What is required:
Please report each line of the data below that contains "from".
Records provided START
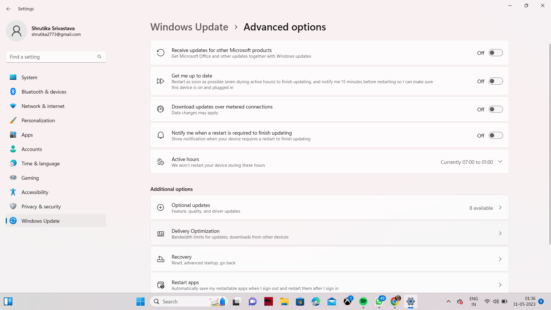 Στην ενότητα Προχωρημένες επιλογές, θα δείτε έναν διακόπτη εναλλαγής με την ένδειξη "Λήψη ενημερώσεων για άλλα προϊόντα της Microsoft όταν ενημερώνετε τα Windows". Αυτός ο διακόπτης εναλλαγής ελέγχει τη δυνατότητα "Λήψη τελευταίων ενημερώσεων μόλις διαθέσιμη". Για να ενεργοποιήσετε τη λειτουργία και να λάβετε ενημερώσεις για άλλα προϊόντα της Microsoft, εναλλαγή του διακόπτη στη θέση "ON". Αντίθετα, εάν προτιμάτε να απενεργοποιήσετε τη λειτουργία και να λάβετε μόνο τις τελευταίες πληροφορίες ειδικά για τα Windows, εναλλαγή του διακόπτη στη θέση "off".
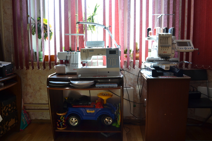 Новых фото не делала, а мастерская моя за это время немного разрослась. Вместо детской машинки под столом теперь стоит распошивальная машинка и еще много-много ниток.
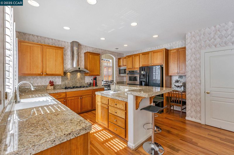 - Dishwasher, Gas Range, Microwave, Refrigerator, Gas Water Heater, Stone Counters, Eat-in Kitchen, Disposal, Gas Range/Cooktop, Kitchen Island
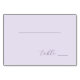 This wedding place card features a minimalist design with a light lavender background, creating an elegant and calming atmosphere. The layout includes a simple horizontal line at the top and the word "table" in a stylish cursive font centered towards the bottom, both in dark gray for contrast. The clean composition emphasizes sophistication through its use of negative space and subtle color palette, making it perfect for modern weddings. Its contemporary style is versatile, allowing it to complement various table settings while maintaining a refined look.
Records provided END
Records provided START
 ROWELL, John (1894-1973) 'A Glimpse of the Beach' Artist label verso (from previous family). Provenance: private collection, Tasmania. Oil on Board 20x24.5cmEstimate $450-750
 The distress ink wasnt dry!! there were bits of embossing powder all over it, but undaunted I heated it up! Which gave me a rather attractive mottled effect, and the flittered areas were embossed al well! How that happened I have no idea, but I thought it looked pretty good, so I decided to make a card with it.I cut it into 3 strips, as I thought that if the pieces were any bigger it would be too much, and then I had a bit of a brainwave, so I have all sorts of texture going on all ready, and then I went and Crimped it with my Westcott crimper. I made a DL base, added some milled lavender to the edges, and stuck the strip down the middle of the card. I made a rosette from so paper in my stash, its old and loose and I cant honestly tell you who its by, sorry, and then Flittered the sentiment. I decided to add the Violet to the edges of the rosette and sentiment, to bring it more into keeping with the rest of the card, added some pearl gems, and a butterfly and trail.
Records provided END
Expected answer:
 ROWELL, John (1894-1973) 'A Glimpse of the Beach' Artist label verso (from previous family). Provenance: private collection, Tasmania. Oil on Board 20x24.5cmEstimate $450-750
 The distress ink wasnt dry!! there were bits of embossing powder all over it, but undaunted I heated it up! Which gave me a rather attractive mottled effect, and the flittered areas were embossed al well! How that happened I have no idea, but I thought it looked pretty good, so I decided to make a card with it.I cut it into 3 strips, as I thought that if the pieces were any bigger it would be too much, and then I had a bit of a brainwave, so I have all sorts of texture going on all ready, and then I went and Crimped it with my Westcott crimper. I made a DL base, added some milled lavender to the edges, and stuck the strip down the middle of the card. I made a rosette from so paper in my stash, its old and loose and I cant honestly tell you who its by, sorry, and then Flittered the sentiment. I decided to add the Violet to the edges of the rosette and sentiment, to bring it more into keeping with the rest of the card, added some pearl gems, and a butterfly and trail.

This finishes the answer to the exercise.